うわー極端。でも宮沢章夫のエッセイを読んだ人なら分かりますが、まあこんな人なんです。
著者が11年かけて読んだ『機械』の解釈をまとめたこの本、その年数だけあって、マジで1行1行全てに触れていきます。
クレイジーな解釈
意識していつものペースより遅く読む。
すると、いつもの速度じゃ見えなかったフィクションの背景が見えるんです。あれもこれも気になって、深く掘り下げて、自分の解釈を固めていく。
宮沢さんのこの作業はとても新奇で鋭く、そして楽しそう。
たとえば。
『機械』のなかで、「私」が同僚に暴力をふるわれ、「私はそのままいつまでも倒れていた」と書かれる場面があります。

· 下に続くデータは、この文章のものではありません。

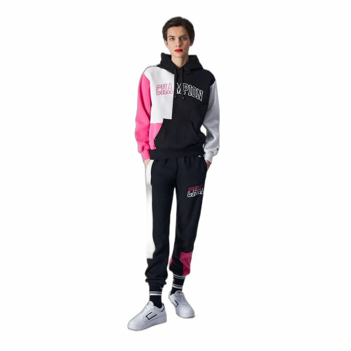 Sudadera con Capucha Mujer Champion Legacy Blanco Rosa Negro
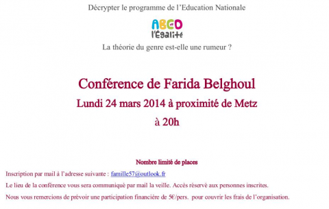 Farida Belghoul donnera une conférence à Metz le Lundi 24 mars 2014 à proximité de Metz à 20h, sur le thème :
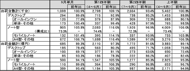 2012年9月、2012年度第2四半期、上半期の国内PC出荷実績
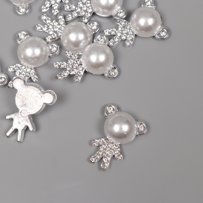 Декор для творчества пластик «Мишка со стразами», серебро, набор 10 шт., 2.5×2×1 см
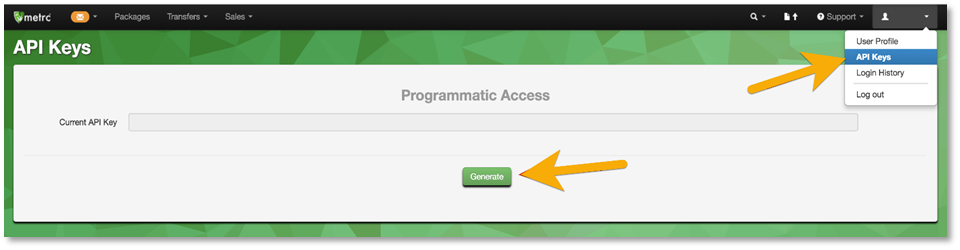 - When logged in, navigate to the API keys page to see your user specific API Key. If one is not displayed, the user will need to "Generate" one. WARNING: Do not generate a new key if there is one present – this will invalidate the existing key that may be used in your other system(s), such as your POS. If the key is regenerated, it will need to be updated in other systems.
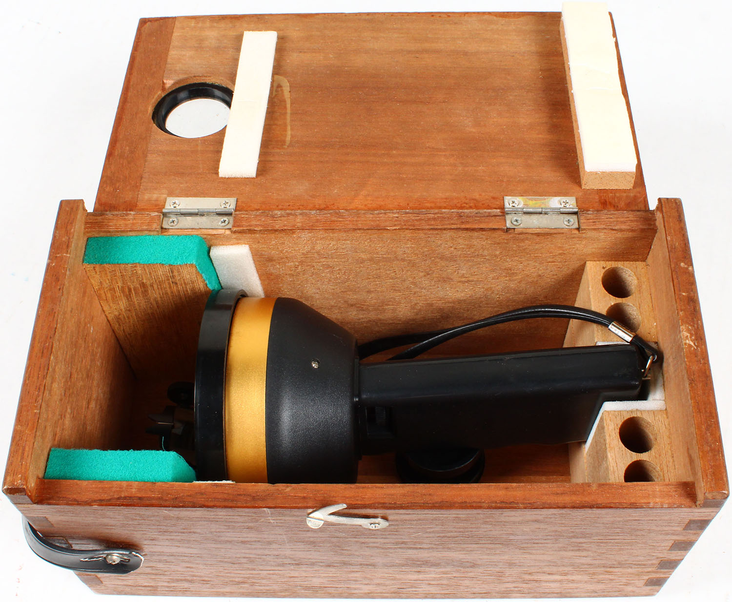 RARE! Hand Held Weems & Plath Inc bering compass with original wood case, made in Japan, box has glass hole with on & off knob on back side, this allows you to be able to use the tool in the box with inside reflecting mirrors. Grade: Excellent - Value: 40 to 200
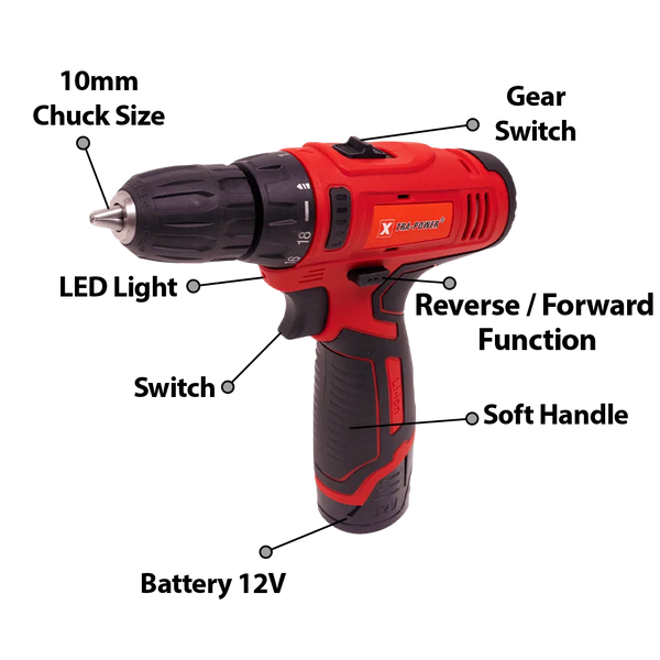 Want an easy-to-use compact cordless drill for industrial tasks? XTRA-POWER XPT 482 with a diameter of 10 mm for the screw. The cordless drill has a firm grasp on the body and accompanies a security lock. It empowers a load-free speed of 400-1350 RPM for consistent and brisk quality tasks. The incredible motor with an energy contribution of 12 volts delivers the errands successfully. The cordless drill is ideal for different tasks and materials as it very well may be utilized for placing openings in the divider, wood, or other intense surfaces. It also provides a reverse and forward function. They can likewise be used for fixing screws and driving fasteners onto surfaces.

宮沢章夫さんは「いつまでも」の時間に引っかかるわけです。どのくらいだろう?
本人が言うのだからこれはしょうがない。「いつまでも」は「いつまでも」であって、そう書かれた以上、三日ぐらいは倒れていたと考えるべきだ。
うん?まあ、いや確かに、いや、? ええ?
まあ常識的にはありえない訳ですが、でもそんな読み方をしてはいけないなんてルールはないし。フィクションだし。いやぁでも?
さらにちょっと読み進めれば、「この語り手ちょっとおかしいとこあるし、この人だけ時間軸ズレてんじゃない?」とまでいう始末。もう無茶苦茶だけど、フィクションである以上そう解釈してはいけないなんてことも無くて。
普通の速度で読んでたらこんな「いつまでも」にこだわる事はないけれど、一文字一文字読んでみると気になってくる。今まで読んできた小説のなかにも、きっと見逃した宝石が沢山あるんでしょう。
そして、この本から学んだ大きなことは、「自由によむ」ということ。
「小説の解釈は人それぞれ」なんて言葉はよく聞きますが、それが身に染みた本書でした。「いつまでも寝てたって言ってんだからいつまでも寝てたんだろう」なんて解釈もアリなんだし。
僕にはその解釈はできません。きっとひねくれた著者がノロノロと読んだからこその解釈でしょう。
恐らく、小説を読むということは作者と読者の共同作業なんだと思います。作者が提示した「素材」を、それぞれ異なる経験や価値観、能力を持った読者が噛み砕く。そこに「誤読」なんてものは無い。
もっと自由に小説を読んでもいいのかも。そう感じた一冊でした。